Haïti : la commission électorale recommande l’annulation de la présidentielle
Haïti : la commission électorale recommande l’annulation de la présidentielle
Le Monde.fr avec AFP
Selon la commission indépendante, « le nombre de votes non retraçables a pratiquement dépassé les votes légitimes qui ont été acquis par les hommes politiques » lors du premier tour de l’élection le 25 octobre dernier.
Le président provisoire Jocelerme Privert reçoit le rapport du président la commission indépendante de vérification et d’évaluation électorale à Haïti, François Benoit, le 30 mai. | Dieu Nalio Chery / AP
La commission indépendante de vérification et d’évaluation électorale à Haïti recommande, dans son rapport remis lundi 30 mai aux autorités, l’annulation du premier tour de l’élection présidentielle, tenu le 25 octobre dernier, en raison de fraudes.
« Il serait juste et équitable que, au moins au niveau des élections présidentielles, le processus soit repris à zéro » a déclaré François Benoit, le président de la commission, justifiant cette recommandation par le fait que « le nombre de votes non retraçables a pratiquement dépassé les votes légitimes qui ont été acquis par les hommes politiques ».
Haïti est plongé dans une crise politique profonde depuis que le processus électoral a été suspendu en janvier, en raison des accusations de l’opposition de l’époque, dénonçant un « coup d’Etat électoral » fomenté par Michel Martelly, l’ancien président. Au premier tour du scrutin présidentiel, le 25 octobre, le candidat du pouvoir, Jovenel Moïse, avait recueilli 32,76 % des voix, contre 25,29 % pour Jude Célestin, qui a qualifié ces scores de « farce ridicule ».
Le rapport de la commission d’évaluation, établi après un mois d’analyse des documents électoraux, vient confirmer les accusations de fraudes formulées par l’opposition et les principales organisations de la société civile. « Certaines libertés ont été prises avec la loi, avec le processus électoral qui a créé tout une panoplie de votes zombies irretraçables », a expliqué François Benoit. « Les membres de bureaux de vote prenaient sur eux-mêmes d’imprégner les procès verbaux de leurs propres empreintes digitales », a-t-il dénoncé.
« Trafic de cartes de vote »
Selon la commission, la non-mise à jour du registre des électeurs suite au tremblement de terre de 2010, qui a causé la mort de plus de 220 000 personnes, a également entaché la fiabilité du scrutin. « Des gens disparus par mort naturelle, surtout lors du séisme, émargeaient encore dans les listes électorales » s’est inquiété François Benoit qui a par ailleurs affirmé qu’il y a eu « un trafic de cartes de vote, vendues au plus offrant. »

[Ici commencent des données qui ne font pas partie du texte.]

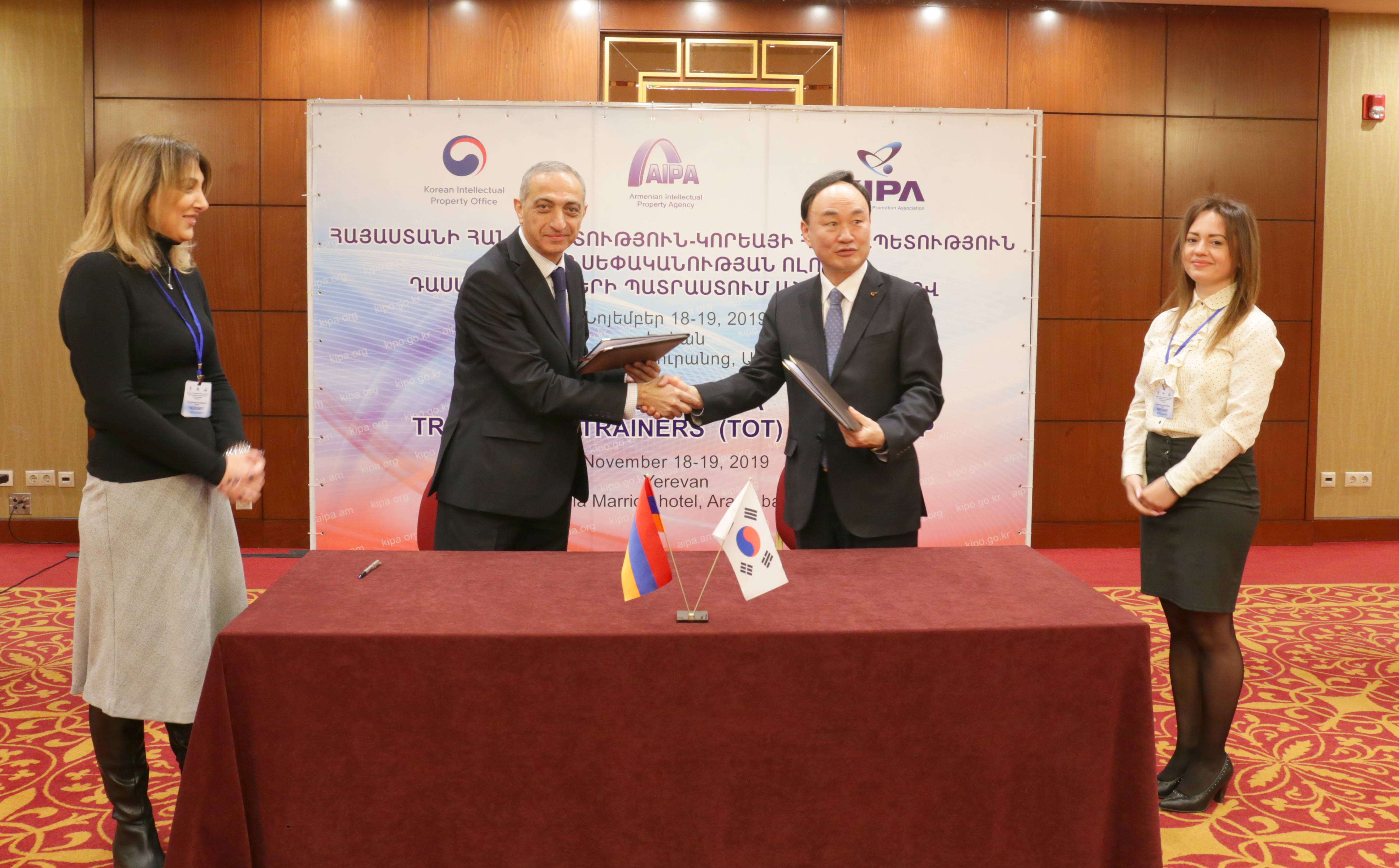 Հուշագիրը ստորագրել են Մտավոր սեփականության գործակալության պետ Երեմ Չախոյանը և Կորեայի գյուտարարության խթանման ասոցիացիայի նախագահ Ջունիո Կոն։

Si, devant cet ensemble d’irrégularités, la commission d’évaluation électorale recommande la reprise totale du scrutin présidentiel, elle ne formule aucune observation sur les élections municipales et législatives qui se sont pourtant tenues le même jour.

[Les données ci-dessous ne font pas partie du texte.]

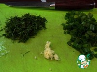 Режем зеленый лук не крупными кольцами ( сразу откладываем немного для подачи). Мелко режем укроп и чеснок. |

« La commission a livré son travail : il revient maintenant à son destinataire, qui est le conseil électoral provisoire (CEP), d’en faire bon usage pour assurer que les prochaines élections seront honnêtes, crédibles, transparentes et démocratiques, pour que le plus tôt possibles des élus légitimes puissent prendre fonction et garantir le rétablissement de la normalité constitutionnelle », a déclaré le président provisoire Jocelerme Privert en remettant le document au président du CEP.

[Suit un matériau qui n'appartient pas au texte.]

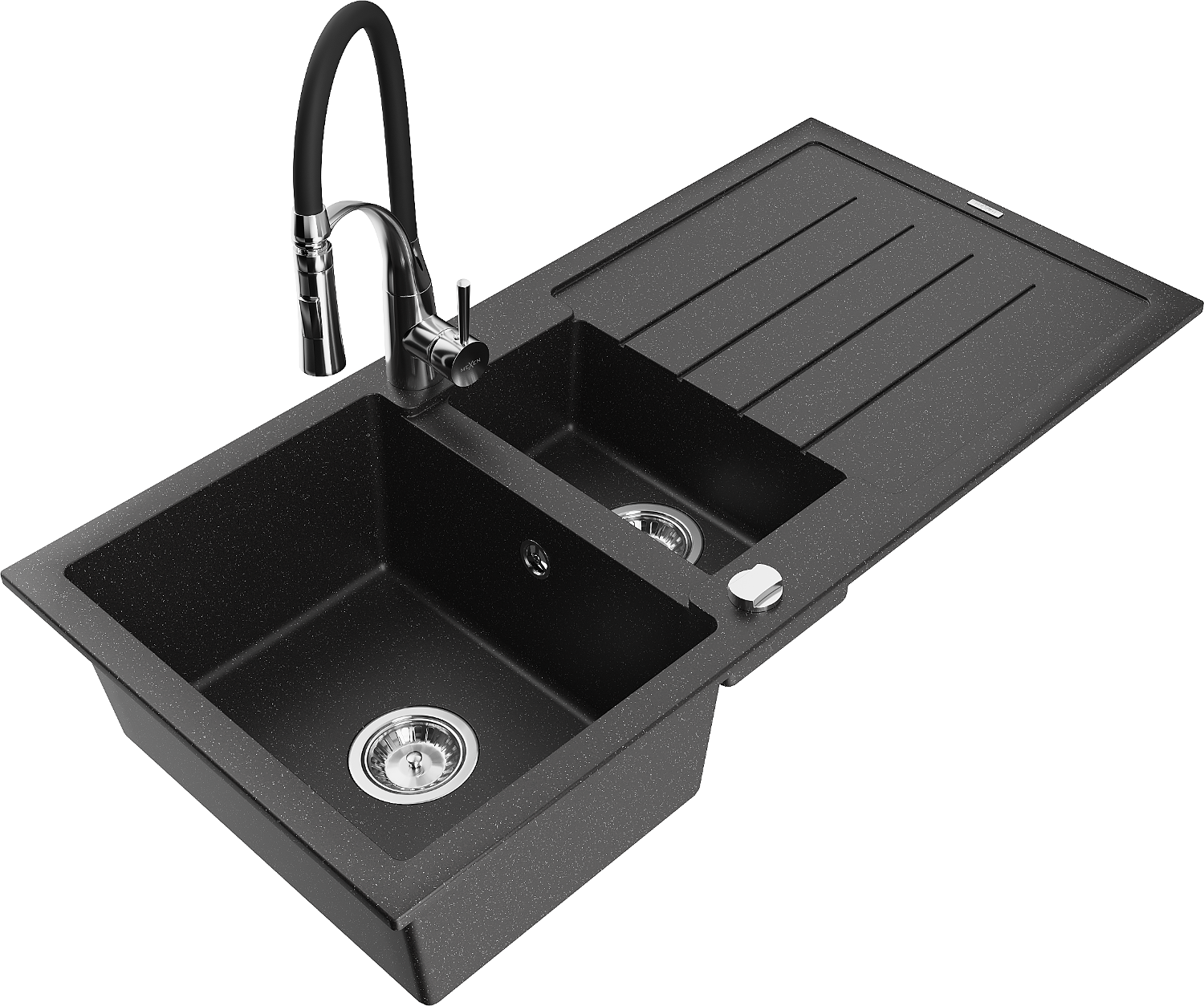 Mexen Andres granitinė 1,5 kamerų plautuvė su nusausintuvu ir virtuvės maišytuvu Aster, juoda/sidabrinė metalika

Seule cette institution indépendante peut décider la reprise totale de l’organisation du premier tour du scrutin présidentiel, pour lequel 54 candidats étaient en lice. Plus de six mois après la tenue du vote, le suspens perdure en Haïti quant à son avenir politique.
Le mandat du président provisoire Jocelerme Privert doit s’achever le 14 juin et aucune solution n’a encore été proposée par le parlement pour gérer l’éventuel vide du pouvoir présidentiel.
La réorganisation complète du scrutin, suggérée par la commission d’évaluation, va nécessiter une dépense exceptionnelle que le pays le plus pauvre de la Caraïbe ne peut assumer seul. Pour les élections avortées de 2015, le budget de plus de 100 millions de dollars avait été majoritairement financé par la communauté internationale. Un tel coût fait débat alors que la participation citoyenne est très limitée : au premier tour de la présidentielle en octobre, moins d’un quart des électeurs avait voté.